Are you ready to explore, break barriers, and discover more? We are seeking a talented Laboratory Analyst to join our team at Merck Millipore, where we use science and technology to enrich people's lives.
The role is part of the analytical laboratory project team and involves working on various activities including test method validation, equipment validation, training and development of laboratory processes and SOPs.
* You will be responsible for adhering to all company EHS guidelines and procedures with proactive involvement in laboratory safety initiatives.
* Development and validation of laboratory test methods.
* Collaboration on the preparation and execution of the Project Validation Master Plan ensuring it is compliant with relevant regulatory and quality standards.
* Preparation and execution of protocols and compilation of reports generated from validation activities identified in the validation master plan.
* Training on laboratory procedures and development of onboarding plans for future analysts within the area.
* Lead analytical method development/troubleshooting for the project laboratory groups.
* Review of laboratory data where required, ensuring accuracy for all relevant products within the project scope.
* Validation of laboratory equipment, software, spreadsheets and methods.
* Perform validation, release, and non-routine testing as required.
* Support site commercialization readiness.
* Maintenance of lab fitness for audits.
* Ensuring compliance of the laboratory projects to all applicable quality, regulatory and Pharmacopeia requirements as well as all relevant divisional and corporate requirements.
* Work within Filtration 2.0 laboratory calibration and preventative maintenance system.
* Provide technical support to all F2.0 functional groups as required.

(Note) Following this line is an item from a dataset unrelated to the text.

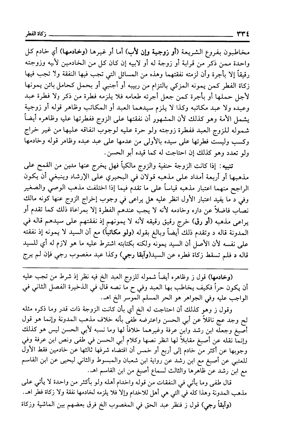 مخاطبون بفروع الشريعة (أو زوجية وإن لأب) أما أو غيرها (وخادمها) أي خادم كل واحدة ممن ذكر من قرابة أو زوجة له أو لأبيه إن كان كل من الخادمين لأبيه وزوجته رقيقًا إلا بأجرة وأن لزمته نفقتهما وهذه من المسائل التي تجب فيها النفقة ولا تجب فيها زكاة الفطر كمن يمونه المزكي بالتزام من ربيبه أو أجنبي أو بحمل كحامل بائن يمونها لأجل حملها أو بأجرة كمن جعل أجرته طعامه فلا يلزمه فطرة من ذكر ولا فطرة عبد وعبده ولا عبد مكاتبه وكذا لا يلزم سيدهما العبد أو المكاتب وظاهر قوله أو زوجية يشمل الأمة وهو كذلك لأن المشهور أن نفقتها على الزوج ففطرتها عليه وظاهره أيضًا شموله للزوج العبد ففطرة زوجته ولو حرة عليه لوجوب إنفاقه عليها من غير خراج وكسب وليست فطرتها على سيده بالأولى من عدمها على عبد عبده وظاهر قوله وخادمها ولو تعدد وهو كذلك إن احتاجت له كما قيده أبو الحسن.

* Ensure laboratory project timelines are adhered to, and timelines are communicated with the laboratory supervisor.
* Ensure protocols, reports, test methods, SOPs and all other relevant documentation are drafted and approved prior to use.

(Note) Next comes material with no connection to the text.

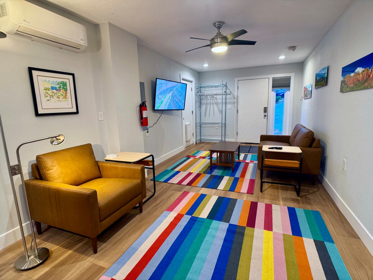 Velkommen til The Treehouse! Denne sjarmerende studioleiligheten på 600 kvadratfot tilbyr et fredelig tilfluktssted, fylt med unik kunst og ideelt for én eller to gjester. Den har en koselig queensize-seng, et velutstyrt kjøkken, et bad og to innbydende sittegrupper. Nyt bekvemmeligheten av å ha verten i nærheten, med muligheten til å bli med meg på terrassen på baksiden for kaffe eller et måltid i gourmetkjøkkenet mitt. Sentralt plassert for enkel tilgang til Grand Canyon, Sedona, Page med mer. Jeg ser frem til å ønske deg velkommen!

* Ensure all laboratory investigations are completed in a timely manner and in accordance with site procedures.
* Ensure laboratory colleagues have full support for laboratory investigations and that standard root cause analysis tools are utilised.
* Contribute to risk mitigation initiatives such as FEMAs and risk assessments.
* Identify and participate in Continuous Improvement initiatives.
* Control, issue and maintain laboratory documentation. Archive laboratory data, logbooks and samples in accordance with procedures.
* Order, receive and control laboratory chemicals, reagents and consumables.
* Thorough investigation of quality and safety issues using root cause analysis methodology and implementation of robust corrective and preventative actions.
To be successful in this role, you should have a B.Sc. in Analytical Chemistry, Microbiology or related discipline, a minimum of 2 years practical work experience in Medical Device/Pharmaceutical environment, and strong background in laboratory techniques. Experience in LIMS, Trackwise, MES and SAP, Lean Six Sigma Training (Yellow Belt, Blue Belt, etc.), good communication skills, good computer literacy, strong problem solving, organisational & time management skills are also an advantage.
This role may involve travel abroad, in some cases for extended periods. We celebrate diversity and believe it drives excellence, innovation, and human progress. We care about our customers, patients, and our rich mix of people. Our diverse businesses offer various career moves to seek new horizons.